The Land Rover Defender TD5 110 in Tomb Raider
16. The second Range Rover ever
produced had six wheels, obviously.
It was converted to an airport fire truck and is still in use today.
17. Land Rover won the first Paris-Dakar Rally, the legendary race from Paris to Dakar, Senegal
Range Rover might be better known as luxurious transport with occasional ventures into the sand, but it’s more talented than that. The winner of the first-ever Paris-Dakar Rally in 1979 was – you guessed it – driving a Range Rover. A car that, at the time, was already nearly a decade old.

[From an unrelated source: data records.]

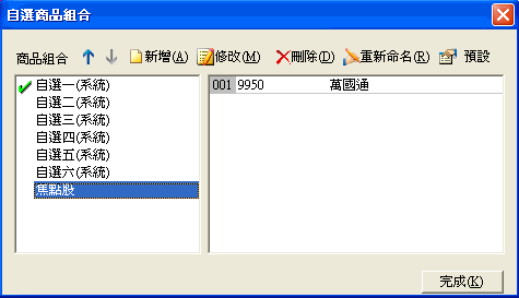| 點選主功能中[功能]中的[自選商品組合],接著會跳出對話盒,即可開始進行編修動作。 |
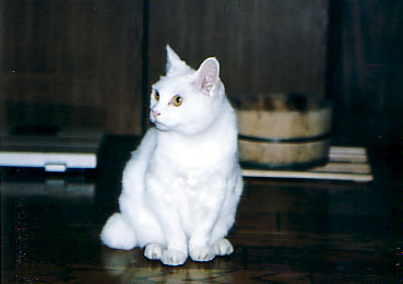 | なにかを うかがってる 『ぼぢ』。 まっしろとか まっくろなネコは しんけいしつなんだって。 『ぼぢ』は どうなのかな? |
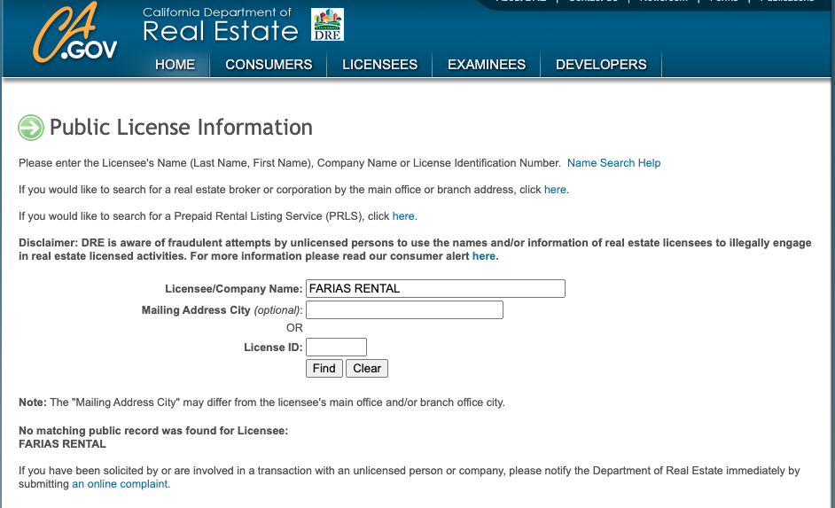 Más allá de la falta de pruebas en la queja, lo cierto es que de Farias Rental, la empresa arrendadora registrada en el contrato, no hay rastro en búsquedas específicas en internet. No hay rastro en redes sociales. No hay rastro en el registro público de empresas de California ni en el sistema de licencias del departamento de bienes raíces del estado. No hay rastro de ella en los 52 condados californianos. No, no hay rastro de la empresa.
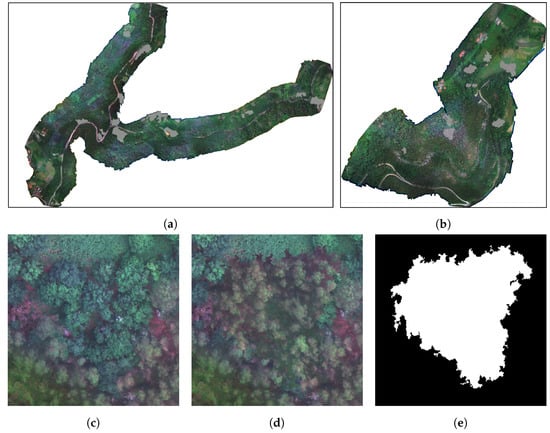 The UAV datasets were taken in 2018 with a MicaSense RedEdge-MX multispectral [] camera onboard at an altitude of 120 m. This camera captures five spectral bands corresponding to the following wavelengths of the electromagnetic spectrum of light: 475 nm (blue), 560 nm (green), 668 nm (red), 717 nm (red edge), and 842 nm (near-infrared). The VHR change detection datasets are shown in Figure 4a,b, including in grey the regions corresponding to changes. As usual, the vegetation changes do not correspond to isolated pixels, but to regions of the images. Figure 4c–e show a clipping of the images for the Oitaven dataset, illustrating an example of vegetation change.
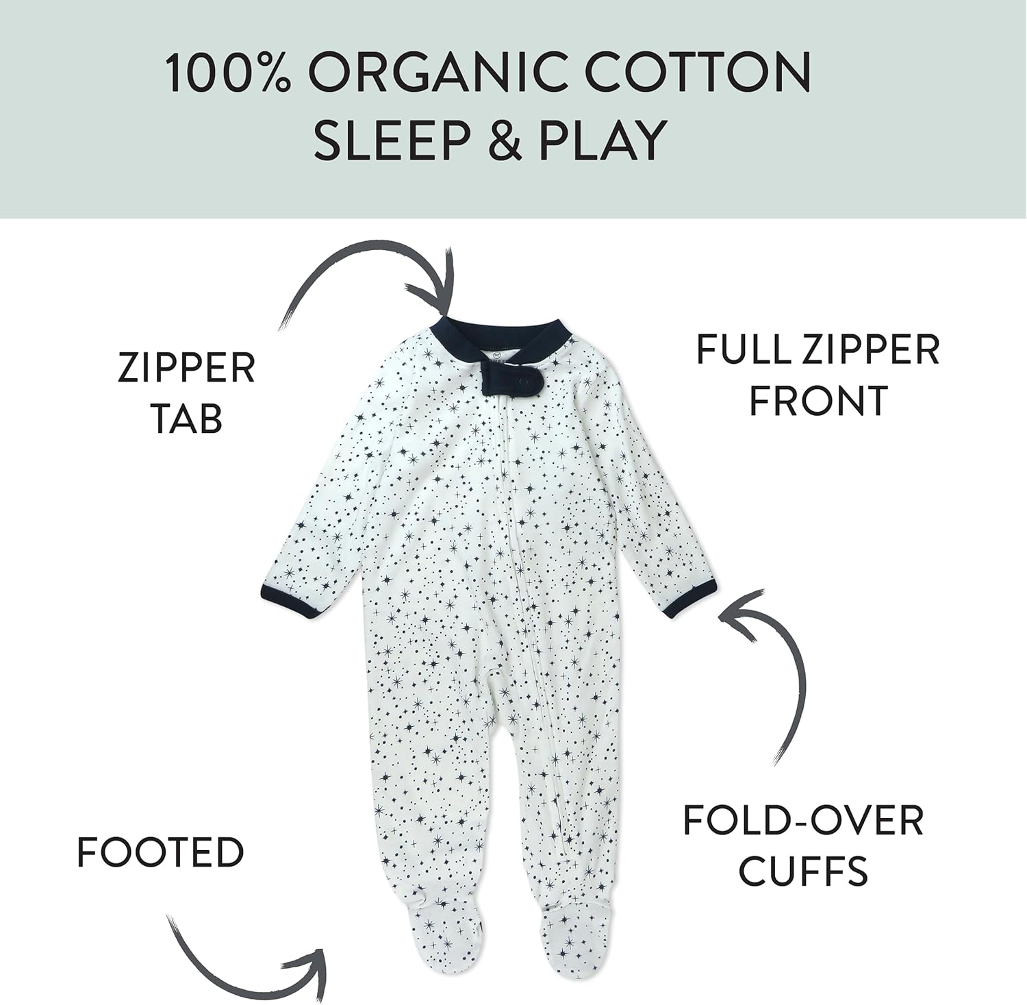HonestBaby Baby Sleep N' Play One-Piece Zip-Front Footed Organic Cotton Pajama Sleeper
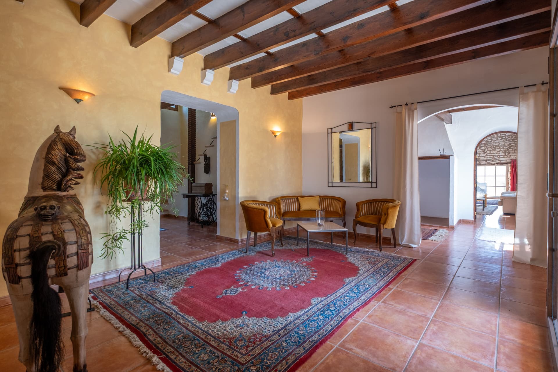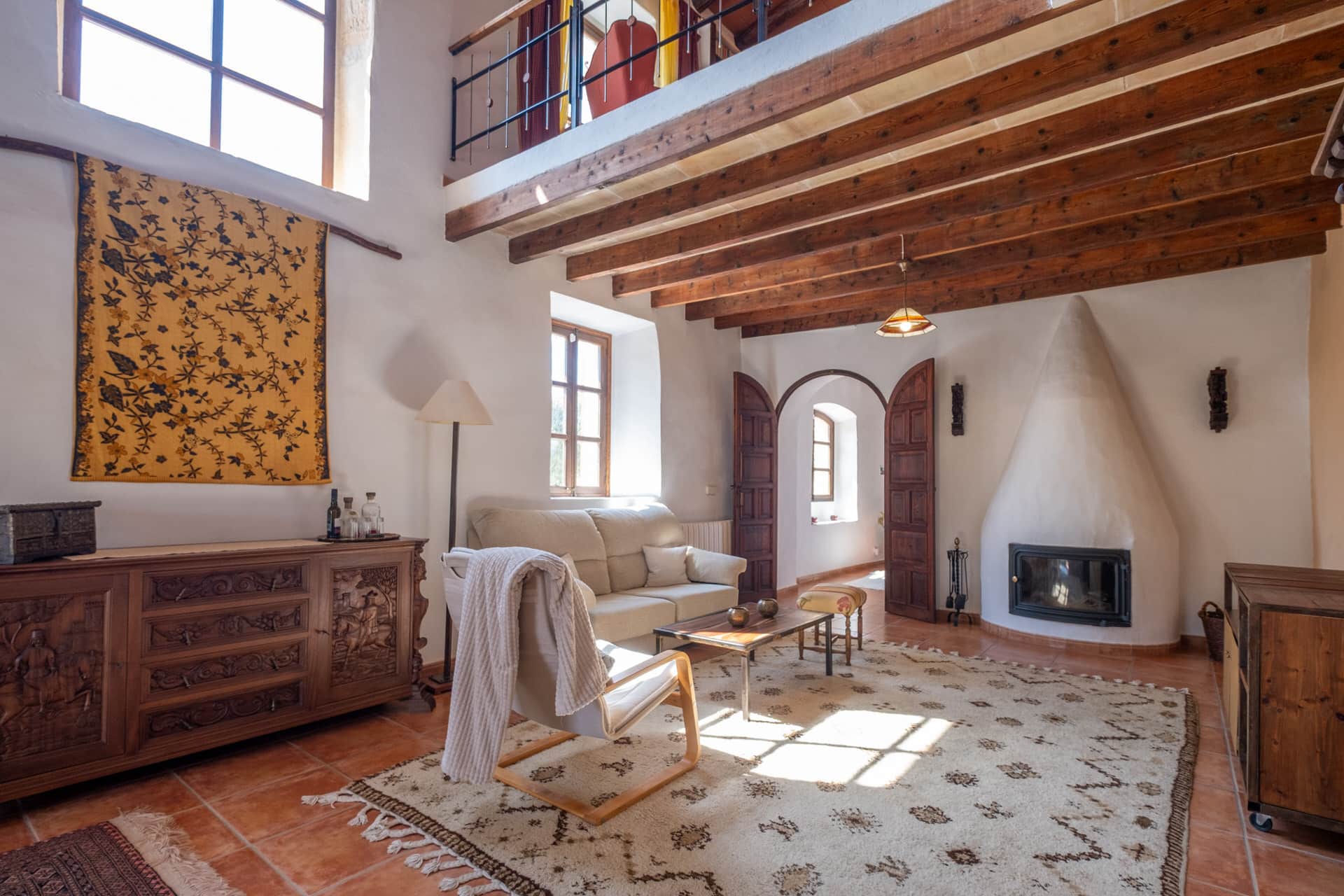 – Hohe Decken mit dekorativen Holzbalken schaffen ein besonderes Raumgefühl.
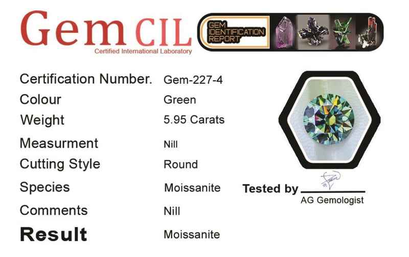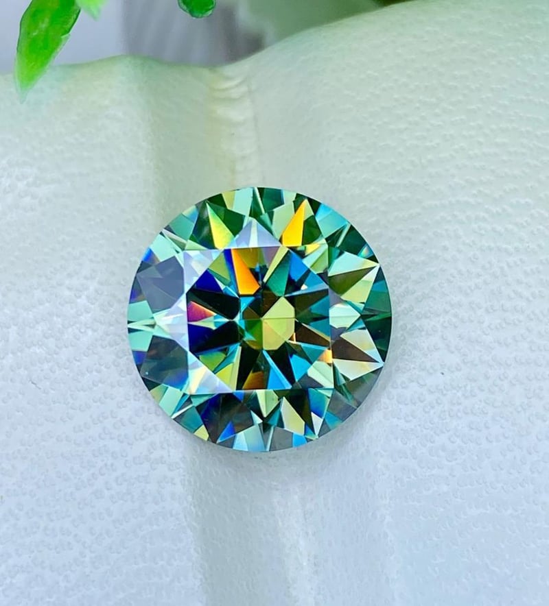 5.95 CARATS SPARKLING MOISSANITE 5.95 Carats Sparkling MoissaniteStone = MoissaniteWeight = 5.95 Carats Colour = GreenCut = RoundLustre = ExcellentNote = Gem Cil, Certified, 0+4
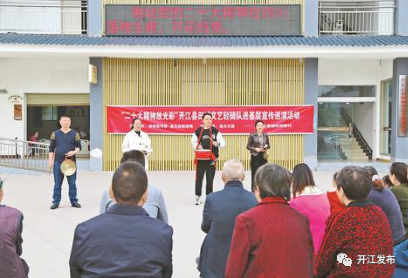 引导全县文艺工作者围绕学习宣传贯彻党的二十大精神,创作一批书法、美术、摄影、歌曲、舞蹈、曲艺等优秀文艺作品,开展全国新农村文化艺术展演。策划推出《田城开江在行动》等电视专栏,制作播出党的二十大精神宣传新闻稿件40余件。依托“开江观察”APP,开设《二十大时光》等专栏和视听节目,及时转载中央主流媒体的新媒体产品30余条,平均浏览量1万余人次。
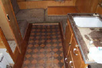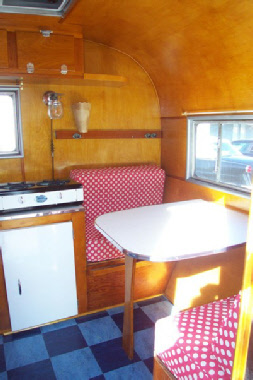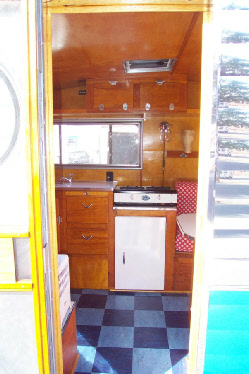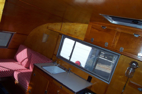 With a combo of polished and painted skin and the new cabin with the original cabinets refinished it’s looking good. We used a Marmolium floor, new upholstery and restored the stovetop and icebox.
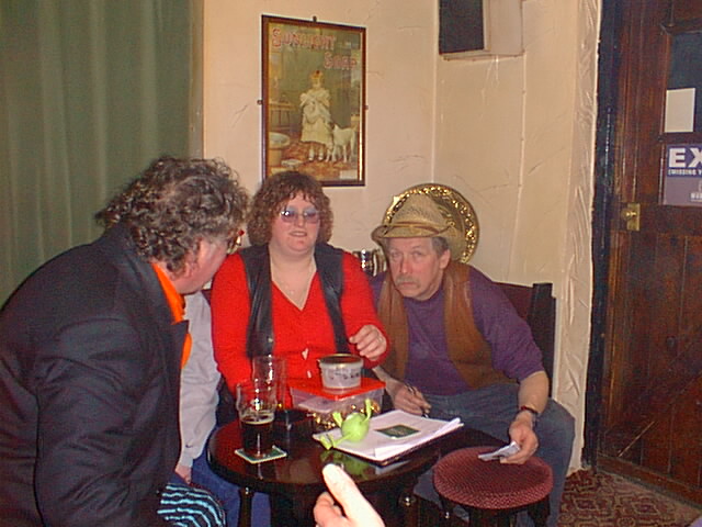 Sam the Pram , Kim and Gordon swapping hard earned cash for rally badges.
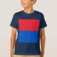 100% cotton so perfect for summer, It is a nicely designed t-shirt, the fabric is soft and the seams finished well, the body of the t shirt has no side seams. I bought a medium size for my two grandsons, aged 9 and 8 it will be slightly big on them but I would rather that than too small
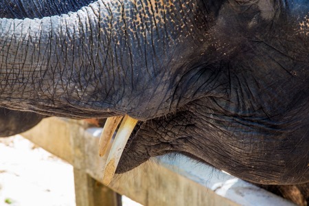 The big Thai elephant maximus indicus Cuvier is opening his mouth for food.

It would win again in 1981. It was an all-French team, and they kind of ran away with it.
18. Oh, and they made the most gruelling off-road challenge in the 1980’s world their playground for two decades
Land Rover dominated the Capel Trophy, which included treks across places like Siberia, the Amazon, Tierra del Fuego, and the Australian Outback, with vehicles that were mostly stock. Except for uhhh epic inflatable boat functionality.
19. Queen Elizabeth Once Took
King Abdullah For A Drive
The queen is rumoured to have “terrorized” then-Crown Prince Abdullah with her driving skills, learned during World War II when she was but a princess and trained as a mechanic and military truck driver for the Women’s Auxiliary Territorial Service of the British Army. Although she’s been seen behind the wheel of many cars in the course of her lifetime, the Queen’s favourite has always been the Land Rover Defender. Having owned more of these than any other, the unofficial count hovers at around 30 royal Land Rovers.
20. Land Rover hated paying taxes and went to great lengths to make sure their buyers didn’t have to either
The Defender 110 could technically fit up to 12 people, qualifying as a “bus” by the taxman’s standards. This qualification allowed them to be exempt from the brutal tax system on passenger vehicles. Extra bonus: you get to use bus lanes and skip out on all that pesky London traffic.